= Beginning of Section =

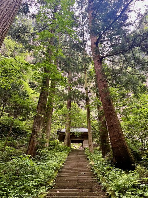 這就是壇鏡神社了。神社蓋在50公尺高的峭壁下,緊鄰壇鏡瀑布,進入此區需自行注意落
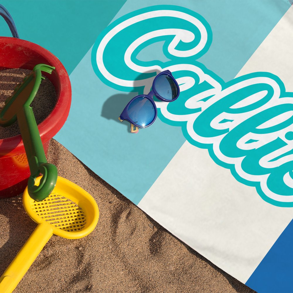 This beach towel features a unique contrasting colour design made of four different colours, creating a sharp visual contrast that gives people a sense of vitality and joy. The beach towel is printed with a customizable name in the centre, making it more exclusive.
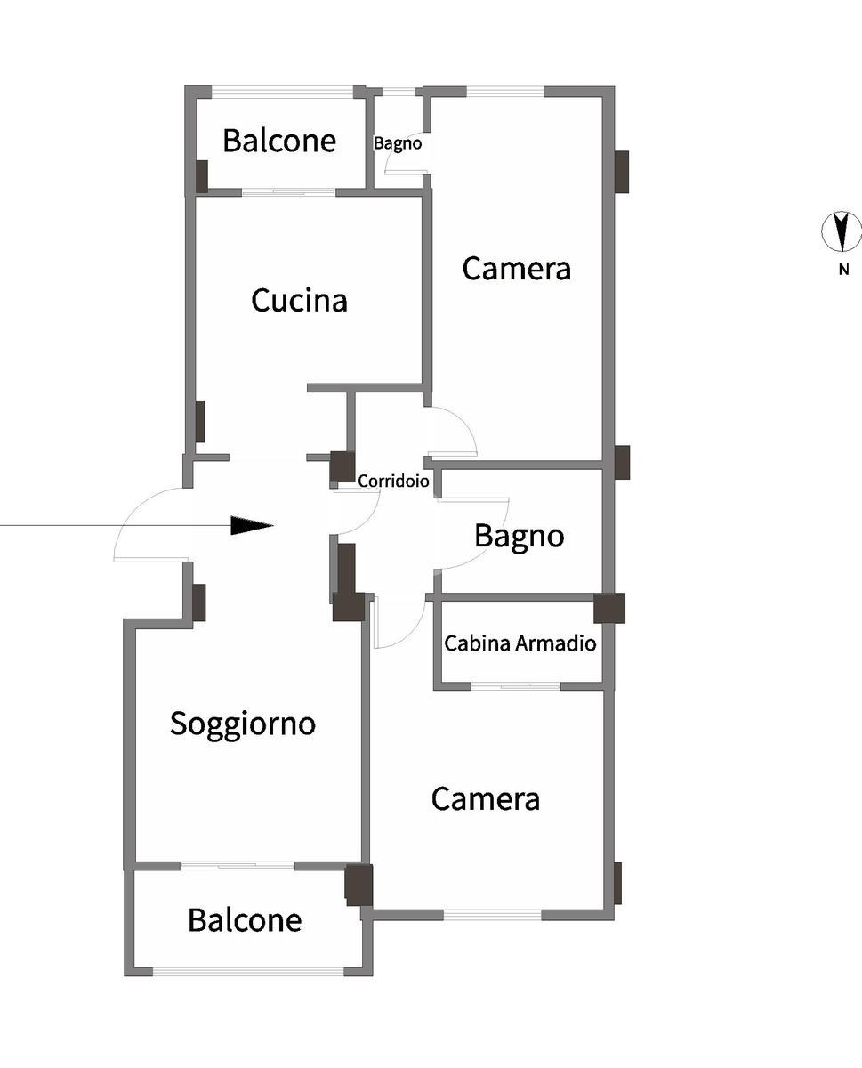 L'immobile è composto da tre locali così composto: Ingresso, salone, ampia cucina abitabile, due ampie camere di cui una con cabina armadio annessa, doppi servizi e due balconi.
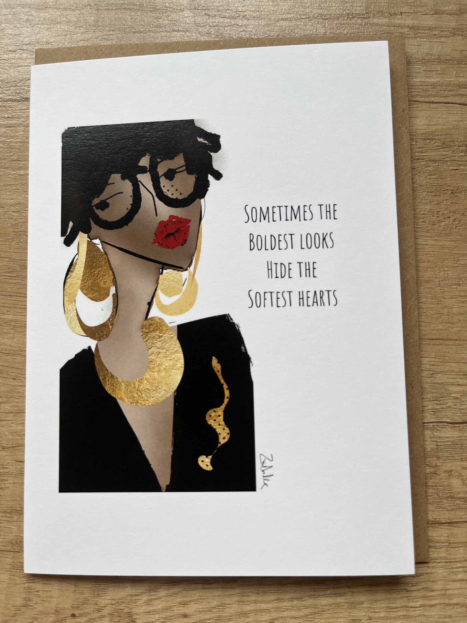 Fierce face, golden heart. For the friend who wears confidence like couture — but loves fiercely underneath it all. With oversized glasses, statement gold jewellery and soft sentiment, this card is equal parts power and tenderness.
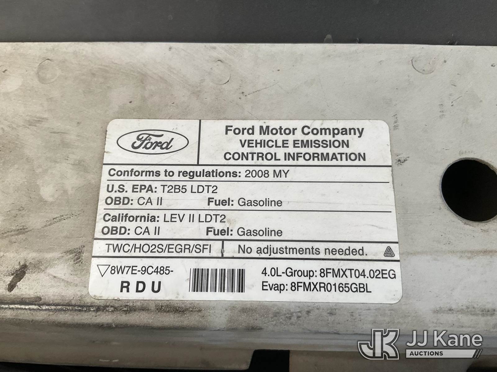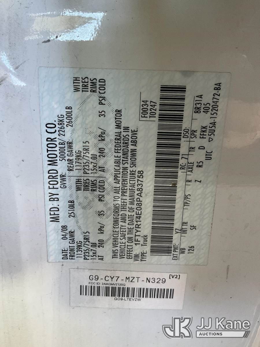 2008 Ford Ranger Extended-Cab Pickup Truck, s/n 1FTYR14E08PA83758, 4.0L V6 SOHC 12V Gas, RWD, 5-Speed Automatic, A/C, with 50 Gallon Water Tank, Toolbox, tow package, (70,301 miles) (Runs & Moves) This is a Titled Item NOTE: This unit is being sold AS IS/WHERE IS via Timed Auction and is located in Jurupa Valley, CA. Inspection & preview days for this unit are the 2 business days prior to the first day of items closing for this auction, item is located at 4510 Muth Way Jurupa Valley, CA 92509 and hours of operations are 8a-4p. For pre-sale questions, please contact please contact Office Staff @ (310) 353-7140. Dealer License Number 45696. (Buyer is responsible for removal. Assistance by consignor or JJ Kane Auctions is not assured.)
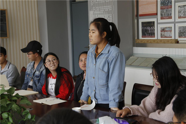 五、召开2017级少数民族学生学习党的十九大精神座谈会。11月10日上午,2017级少数民族学生座谈会在致知楼何微纪念馆召开。2017级辅导员徐鹏、巩飞和2017级近20名少数民族学生参加了此次会议,在徐鹏的带领下,与会人员认真学习了党的十九大报告,并结合自身的思想实际分享了各自的学习体会。座谈会的召开,及时向少数民族学生宣讲了党的最新政策,在少数民族学生当中开展爱国爱校教育同时也有助于少数民族学生更好的了解国情国策。
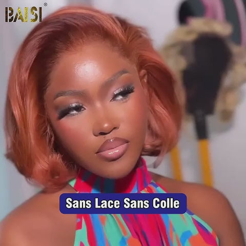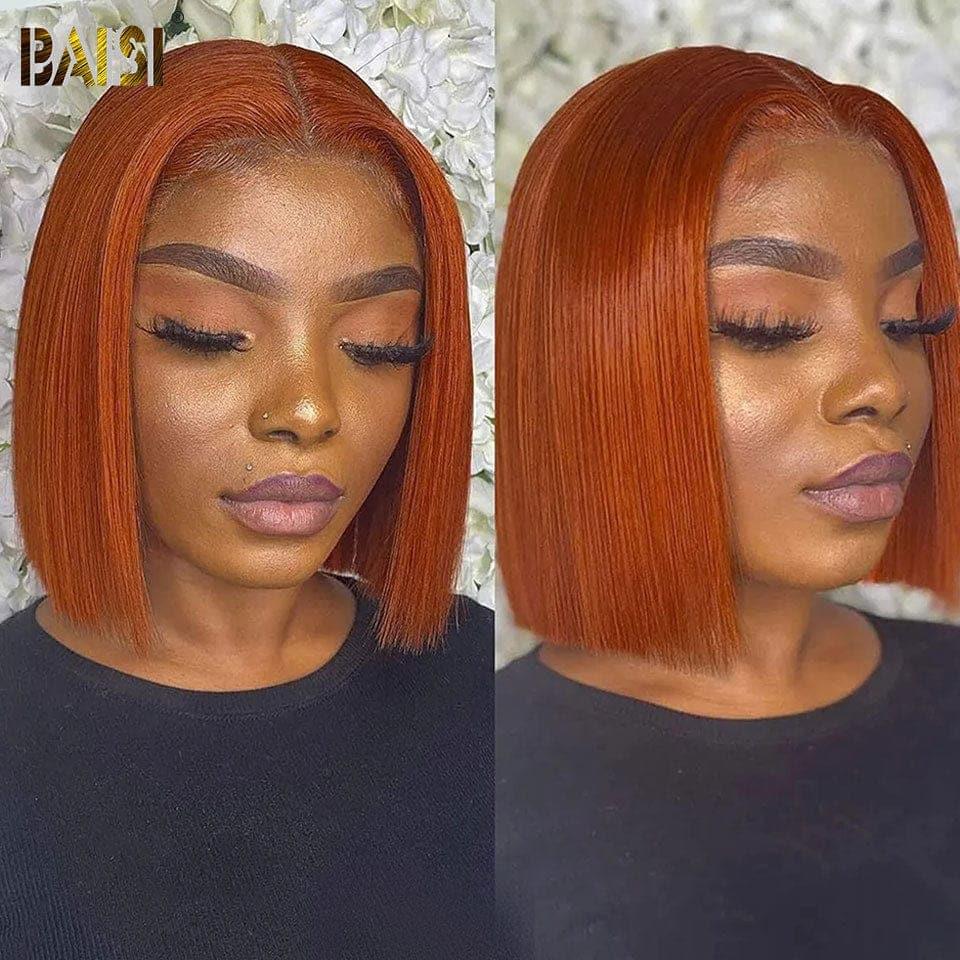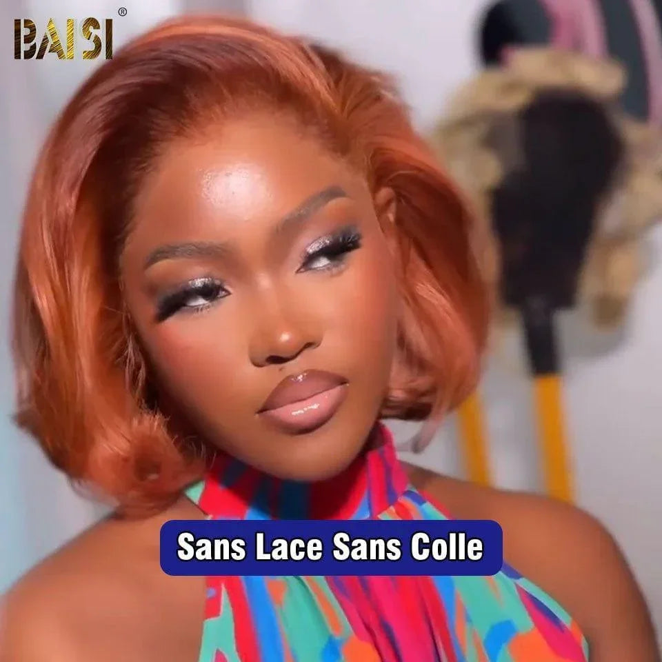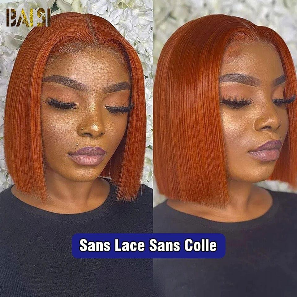 BAISI 13X4 Perruque Bob Lisse En Orange Pré-plucked Pas Besoin de Colle en 100% Raw Hair Lace déjà couper

= End of Section =

§ THE PROBLEM: The records above should be copied word for word, with the pictures left out.

§ SOLVED EXERCISE:
 這就是壇鏡神社了。神社蓋在50公尺高的峭壁下,緊鄰壇鏡瀑布,進入此區需自行注意落
 This beach towel features a unique contrasting colour design made of four different colours, creating a sharp visual contrast that gives people a sense of vitality and joy. The beach towel is printed with a customizable name in the centre, making it more exclusive.
 L'immobile è composto da tre locali così composto: Ingresso, salone, ampia cucina abitabile, due ampie camere di cui una con cabina armadio annessa, doppi servizi e due balconi.
 Fierce face, golden heart. For the friend who wears confidence like couture — but loves fiercely underneath it all. With oversized glasses, statement gold jewellery and soft sentiment, this card is equal parts power and tenderness.
 2008 Ford Ranger Extended-Cab Pickup Truck, s/n 1FTYR14E08PA83758, 4.0L V6 SOHC 12V Gas, RWD, 5-Speed Automatic, A/C, with 50 Gallon Water Tank, Toolbox, tow package, (70,301 miles) (Runs & Moves) This is a Titled Item NOTE: This unit is being sold AS IS/WHERE IS via Timed Auction and is located in Jurupa Valley, CA. Inspection & preview days for this unit are the 2 business days prior to the first day of items closing for this auction, item is located at 4510 Muth Way Jurupa Valley, CA 92509 and hours of operations are 8a-4p. For pre-sale questions, please contact please contact Office Staff @ (310) 353-7140. Dealer License Number 45696. (Buyer is responsible for removal. Assistance by consignor or JJ Kane Auctions is not assured.)
 五、召开2017级少数民族学生学习党的十九大精神座谈会。11月10日上午,2017级少数民族学生座谈会在致知楼何微纪念馆召开。2017级辅导员徐鹏、巩飞和2017级近20名少数民族学生参加了此次会议,在徐鹏的带领下,与会人员认真学习了党的十九大报告,并结合自身的思想实际分享了各自的学习体会。座谈会的召开,及时向少数民族学生宣讲了党的最新政策,在少数民族学生当中开展爱国爱校教育同时也有助于少数民族学生更好的了解国情国策。
 BAISI 13X4 Perruque Bob Lisse En Orange Pré-plucked Pas Besoin de Colle en 100% Raw Hair Lace déjà couper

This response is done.